Question

The company will be launching a firework from the ground, but you want to increase the time it stays in the air by 2 seconds to build up the suspense. How can the company make this happen without changing the length of the fuse? How will this affect the maximum height of the firework? g(t) = -16t2 + 224t + 120

Answer 1

Answer: find the answer in the explanation.

Step-by-step explanation:

To increase the time the fireworks stays in the air by 2 seconds to build up the suspense, 2 should be added to the time t.

T + 2 = t

T = t - 2

Substitute T for t in the function g(t)

The company will make this happen without changing the length of the fuse by substituting T for t which will lead to

g(t) = -16(t - 2)^2 + 224(t - 2) + 120

How will this affect the maximum height of the firework?

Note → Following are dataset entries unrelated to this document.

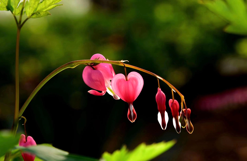 Photo shows blooming heart-shaped flowers of Asian bleeding-heart, a species of flowering plant that is commonly known as the “purse peony” in Luoyang city, central China’s Henan Province. (Photo courtesy of the publicity department of the Communist Party of China Luoyang municipal committee)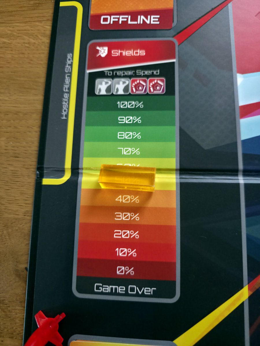 Jedes System auf dem Spielplan hat eine Funktion, die das Überleben erleichtert – solange es online ist. Und genau das ist der Knackpunkt. Systeme gehen ständig offline. Die Teleporterstation, die wertvolle Bewegungsaktionen spart. Die Computer, die neue „Skill“-Karten liefern. Die Comm Station, die das Tauschen von Karten über Distanz erlaubt. Die Schilde, die das einzige Polster gegen den Untergang sind. Und natürlich der Jump Core, dessen Reparatur das einzige Siegziel darstellt.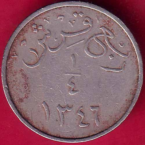 Saudi Arabia 1346 Abd al-Azīz 1/4 Qirsh – Plain Edge Rare Coin – FB2289

Initially the function is:

g(t) = -16t2 + 224t + 120

Where the time at maximum height is found by using the formula

t = -b/2a

b = 224, a = -16

Substitutes both into the formula

t = -224/2(-16)

t = -224/-32

t = 7

Substitute 7 for t in the first equation

g(t) = -16(7)^2 + 224(7) + 120

g(t) = -16(49) + 224(7) + 120

g(t) = -784 + 1568 + 120

g(t) = 904 metres

But when the time is delayed by 2 seconds in the air, the maximum height will be

g(t) = -16( 7 - 2 )^2 + 224(7 - 2) + 120

g(t) = -16(5)^5 + 224(5) + 120

g(t) = -16(25) + 224(5) + 120

g(t) = -400 + 1120 + 120

g(t) = 840

The effect will surely reduce the maximum height of the fireworks.